--- MATERIAL TO PROCESS Enclosed Below ---
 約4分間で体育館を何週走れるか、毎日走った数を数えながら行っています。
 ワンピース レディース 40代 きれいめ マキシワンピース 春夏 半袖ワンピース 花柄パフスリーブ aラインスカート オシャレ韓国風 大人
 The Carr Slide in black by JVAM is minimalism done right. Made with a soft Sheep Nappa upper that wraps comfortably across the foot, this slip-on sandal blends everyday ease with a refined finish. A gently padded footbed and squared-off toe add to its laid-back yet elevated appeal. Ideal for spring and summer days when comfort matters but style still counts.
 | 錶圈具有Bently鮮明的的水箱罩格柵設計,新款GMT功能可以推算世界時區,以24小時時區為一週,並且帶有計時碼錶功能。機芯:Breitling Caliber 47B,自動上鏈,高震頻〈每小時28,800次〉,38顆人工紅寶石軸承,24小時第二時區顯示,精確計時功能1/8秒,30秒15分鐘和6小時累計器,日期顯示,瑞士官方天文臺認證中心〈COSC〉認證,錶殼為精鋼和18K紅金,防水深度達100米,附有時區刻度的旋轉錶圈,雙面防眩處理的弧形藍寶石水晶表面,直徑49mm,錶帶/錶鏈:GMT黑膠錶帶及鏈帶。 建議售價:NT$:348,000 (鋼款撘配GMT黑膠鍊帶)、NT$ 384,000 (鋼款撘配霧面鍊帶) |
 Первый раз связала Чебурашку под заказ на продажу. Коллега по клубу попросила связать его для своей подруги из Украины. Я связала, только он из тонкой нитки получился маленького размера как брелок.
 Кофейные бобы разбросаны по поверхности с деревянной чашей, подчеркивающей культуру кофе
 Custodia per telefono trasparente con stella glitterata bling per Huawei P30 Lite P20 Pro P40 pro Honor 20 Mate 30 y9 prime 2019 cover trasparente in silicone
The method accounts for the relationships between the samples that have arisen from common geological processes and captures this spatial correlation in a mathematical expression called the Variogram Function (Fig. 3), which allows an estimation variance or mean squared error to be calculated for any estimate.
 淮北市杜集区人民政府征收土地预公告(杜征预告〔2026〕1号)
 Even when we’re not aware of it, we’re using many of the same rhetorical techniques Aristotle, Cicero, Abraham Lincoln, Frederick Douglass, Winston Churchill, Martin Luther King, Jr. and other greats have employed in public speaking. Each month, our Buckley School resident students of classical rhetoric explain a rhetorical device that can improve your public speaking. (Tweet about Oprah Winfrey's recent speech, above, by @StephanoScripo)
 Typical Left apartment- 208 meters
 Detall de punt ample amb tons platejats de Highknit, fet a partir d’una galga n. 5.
--- End of Enclosed MATERIAL TO PROCESS ---
TO DO -
Copy out the entries above without altering a single character.

RESPONSE TO THIS EXERCISE -
 約4分間で体育館を何週走れるか、毎日走った数を数えながら行っています。
 ワンピース レディース 40代 きれいめ マキシワンピース 春夏 半袖ワンピース 花柄パフスリーブ aラインスカート オシャレ韓国風 大人
 The Carr Slide in black by JVAM is minimalism done right. Made with a soft Sheep Nappa upper that wraps comfortably across the foot, this slip-on sandal blends everyday ease with a refined finish. A gently padded footbed and squared-off toe add to its laid-back yet elevated appeal. Ideal for spring and summer days when comfort matters but style still counts.
 | 錶圈具有Bently鮮明的的水箱罩格柵設計,新款GMT功能可以推算世界時區,以24小時時區為一週,並且帶有計時碼錶功能。機芯:Breitling Caliber 47B,自動上鏈,高震頻〈每小時28,800次〉,38顆人工紅寶石軸承,24小時第二時區顯示,精確計時功能1/8秒,30秒15分鐘和6小時累計器,日期顯示,瑞士官方天文臺認證中心〈COSC〉認證,錶殼為精鋼和18K紅金,防水深度達100米,附有時區刻度的旋轉錶圈,雙面防眩處理的弧形藍寶石水晶表面,直徑49mm,錶帶/錶鏈:GMT黑膠錶帶及鏈帶。 建議售價:NT$:348,000 (鋼款撘配GMT黑膠鍊帶)、NT$ 384,000 (鋼款撘配霧面鍊帶) |
 Первый раз связала Чебурашку под заказ на продажу. Коллега по клубу попросила связать его для своей подруги из Украины. Я связала, только он из тонкой нитки получился маленького размера как брелок.
 Кофейные бобы разбросаны по поверхности с деревянной чашей, подчеркивающей культуру кофе
 Custodia per telefono trasparente con stella glitterata bling per Huawei P30 Lite P20 Pro P40 pro Honor 20 Mate 30 y9 prime 2019 cover trasparente in silicone
The method accounts for the relationships between the samples that have arisen from common geological processes and captures this spatial correlation in a mathematical expression called the Variogram Function (Fig. 3), which allows an estimation variance or mean squared error to be calculated for any estimate.
 淮北市杜集区人民政府征收土地预公告(杜征预告〔2026〕1号)
 Even when we’re not aware of it, we’re using many of the same rhetorical techniques Aristotle, Cicero, Abraham Lincoln, Frederick Douglass, Winston Churchill, Martin Luther King, Jr. and other greats have employed in public speaking. Each month, our Buckley School resident students of classical rhetoric explain a rhetorical device that can improve your public speaking. (Tweet about Oprah Winfrey's recent speech, above, by @StephanoScripo)
 Typical Left apartment- 208 meters
 Detall de punt ample amb tons platejats de Highknit, fet a partir d’una galga n. 5.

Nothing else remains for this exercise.